Prog Rock en 150 Figures, Dominique Dupuis, Éditions du Layeur, 39,90 €.

Toutes les chansons de Queen

Le fonctionnement désormais bien rodé d’une collection devenue emblématique des éditions E/P/A (même si elles n’ont pas inventé le concept). Prenez un artiste ou un groupe star, décryptez toutes les chansons des albums (188 pour Queen). Rajoutez quelques pages pour évoquer des personnages, lieux, moments et objets (dont forcément la guitare Red Special de Brian May) essentiels, injectez un paquet de photos et gardez une mise en page très lisible. Vous obtenez un ouvrage indispensable aux fans de l’artiste.

Ce ne sont pas les prolifiques Jean-Michel Guesdon et Philippe Margotin (auteurs des Beatles, Stones, Dylan, Floyd, Hendrix et tout récemment Springsteen) qui se sont attelés à la tâche, mais un Benoît Clerc, auteur-compositeur dans le civil, et qui s’est montré à la hauteur. Et si huit pages sont consacrées à Bohemian Rhapsody, la signification du texte du morceau culte restera mystérieuse. Selon plusieurs témoignages, Freddie Mercury assurait lui-même n’avoir cherché que la rime, sans se préoccuper du sens…

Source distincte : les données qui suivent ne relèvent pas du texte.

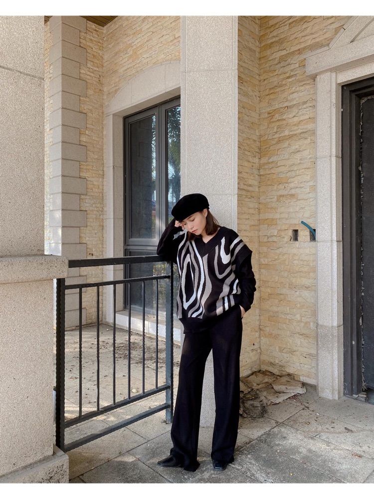 搭配大落肩的圖紋背心有更優雅的感覺
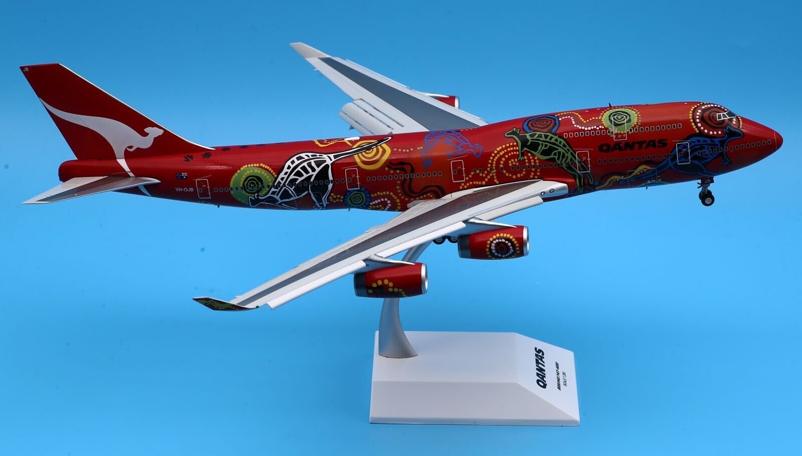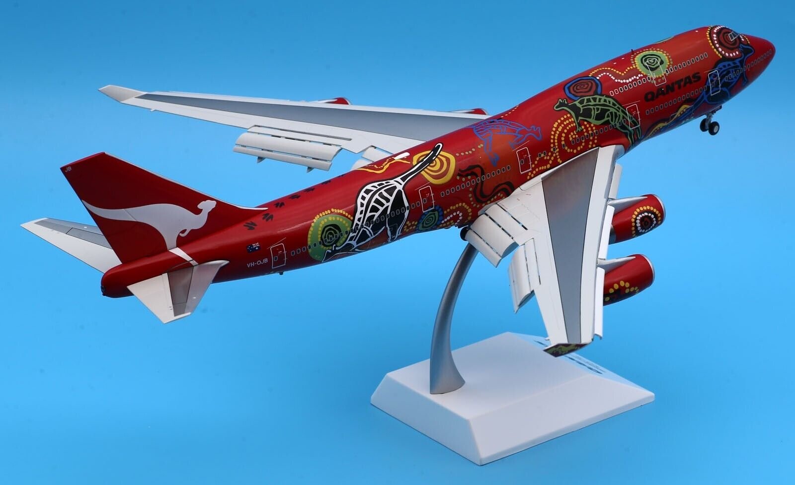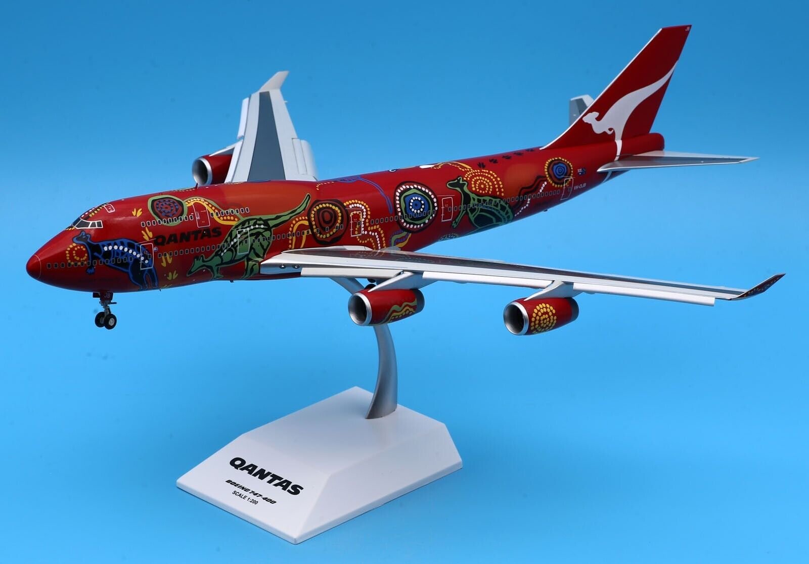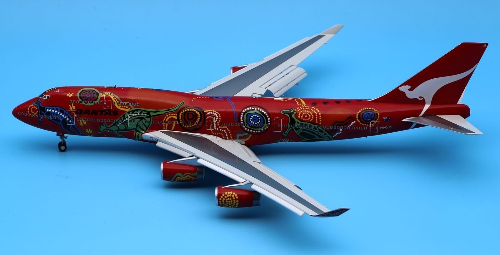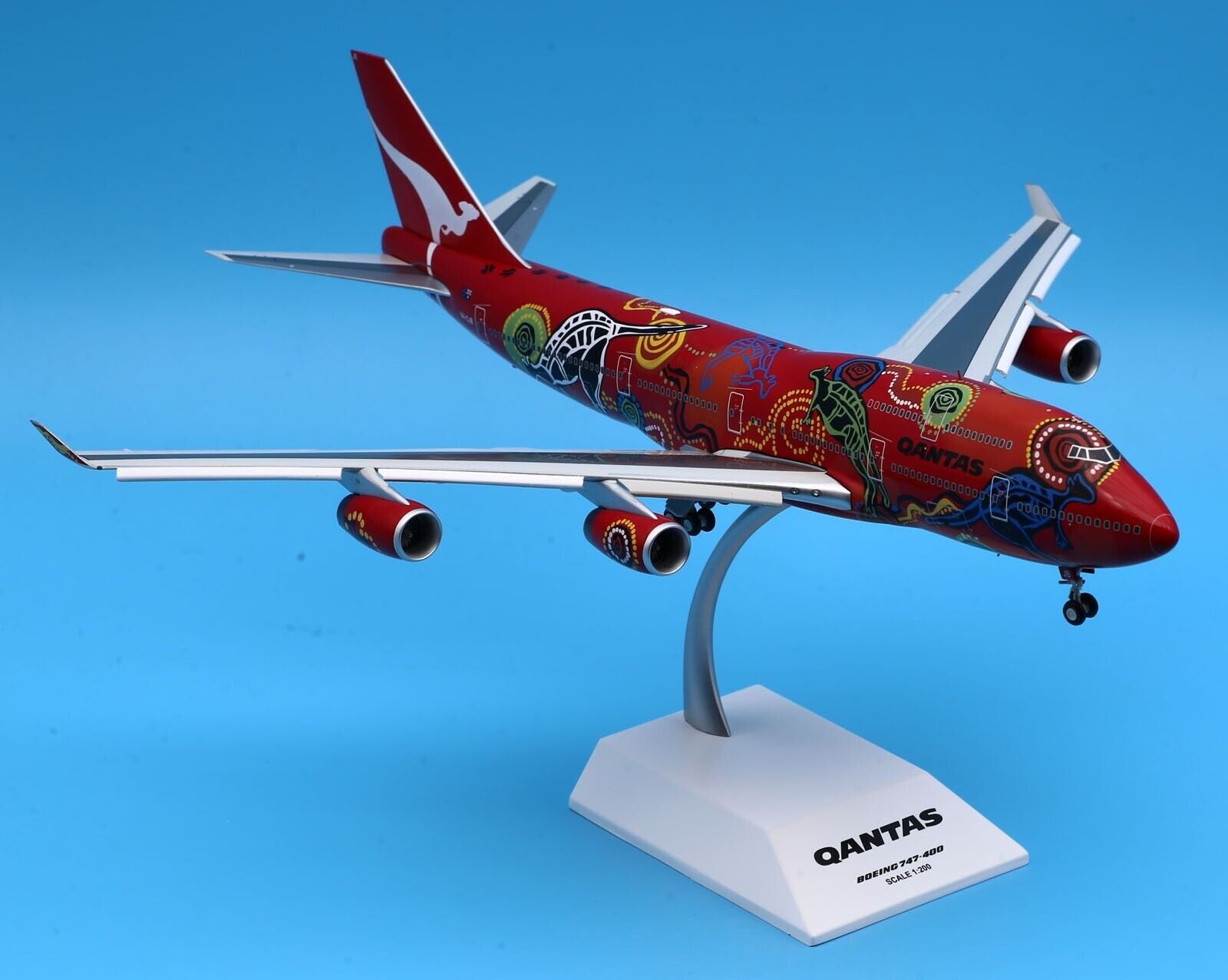 The 1:200 JC Wings Qantas Boeing 747-400 “Wunala Dreaming” (VH-OJB) is a highly detailed diecast model available in multiple configurations.
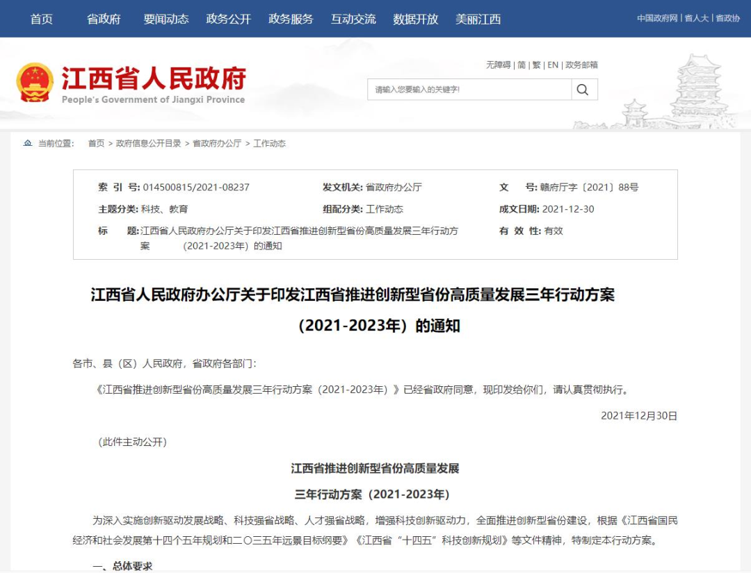 为深入实施创新驱动发展战略、科技强省战略、人才强省战略,增强科技创新驱动力,全面推进创新型省份建设,近日,《江西省推进创新型省份高质量发展三年行动方案(2021-2023年)》印发。方案共提出了七个方面共计20条重点任务,同时在保障措施方面,方案要求加强组织领导、加大科技投入、完善科技治理、深化开放合作和强化环境营造。 江西自创区内高新技术产业增加值占规模以上工业增加值比重达到62%。 优化“一核十城多链”空间布局,打造以大南昌都市圈为核心的中部地区科技创新中心。 力争省级创新型县(市、区)达25个左右。 基本科学指标数据库(ESI)前1%学科保持稳步增长。 力争建设1-2个国家重大科技基础设施。 新组建创新联合体或科技协同创新体20个、国家级科技创新平台10个,引进共建一批高端研发机构和2-3家具有国内国际影响力的重大研发机构。 实施重大科技专项30个左右。 实施“揭榜挂帅”项目50个左右,建立健全全省重大科技项目联席会议制度。 国有控股上市公司达到30家以上,江铜集团建成具有全球竞争力的世界一流企业,培育5家以上中国500强企业。 新培育独角兽企业(含潜在、种子)12家、瞪羚企业(含潜在)140家、入国家库科技型中小企业10000家、国家技术创新示范企业15家、“专精特新”企业1500家、“小巨人”企业50家。 力争全省规模以上工业企业建有研发机构比例达40%以上。 引进高水平创新团队及科技创新领军人才200名,外国专家600名。 新增本土院士2-3名,省级以上领军人才400名。 研究出台科技成果评价指导意见和社会力量设立科学技术奖规范。 力争创建国家高新技术产业开发区、国家农高区、国家农业科技园区、国家大学科技园各1-2家。 力争新增产业创新服务综合体10家,科技特派员“千百万”帮扶行动实现全省开发区全覆盖。 力争新增国家创新型产业集群、国家高新技术产业化基地各1-2个。 技术合同成交额每年保持10%左右增幅。 新增科技企业孵化器、众创空间各10家。 新增上市科技型企业3家以上,力争“科贷通”累计放款达到80亿元。 扫描或识别二维码,查看文件内容
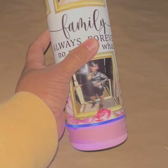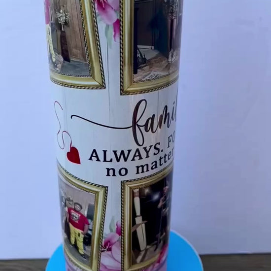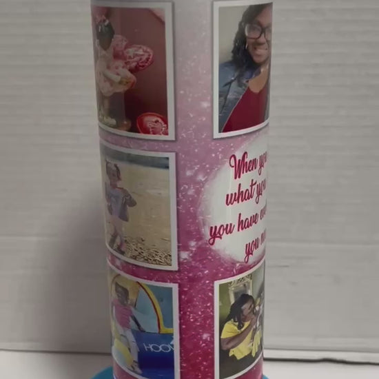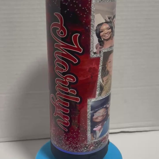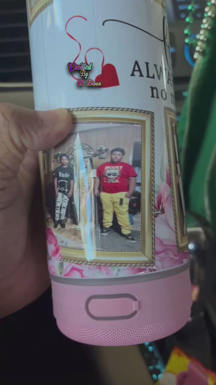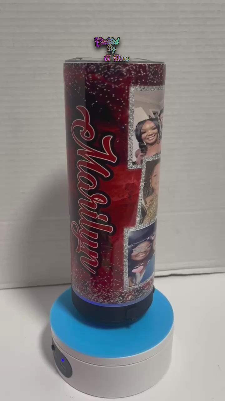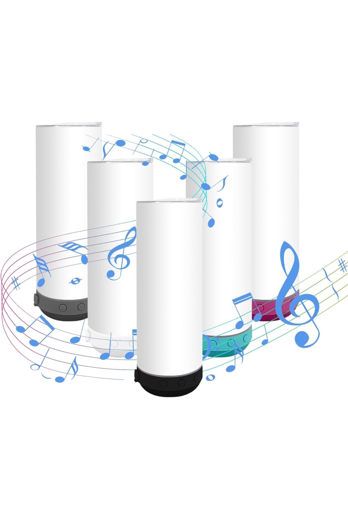 20oz skinny tumbler with a built-in wireless speaker that can easily connect to your smartphone or other devices via bluetooth. Any design or colors. All sales are final. No refunds.

Queen La Totale, Benoit Clerc, E/P/A. 528p., 49,95 €.

Les objets de Nick Cave

C’est le catalogue de l’exposition coréalisée par la Royal Danish Library, l’Arts Centre de Melbourne et Nick Cave, qui s’est tenue à Copenhague (Danemark). Des photos, des dessins, des peintures, des maquettes de pochettes d’albums ces carnets de notes faits à la main par lui-même, puis créés par un artisan australien, dans lesquels Nick Cave a souvent écrit ses textes. Mais aussi un sac estampillé Kylie Minogue, un buste de Jesus et une machine à écrire. Ces artefacts sont d’abord présentés seuls, en pleines pages, puis commentés à la fin, par Nick ou par le commissaire de l’expo. For fans only, mais génial pour les fans.

Stranger than Kindness, Nick Cave, Michel Lafon, 316 p., 45 €.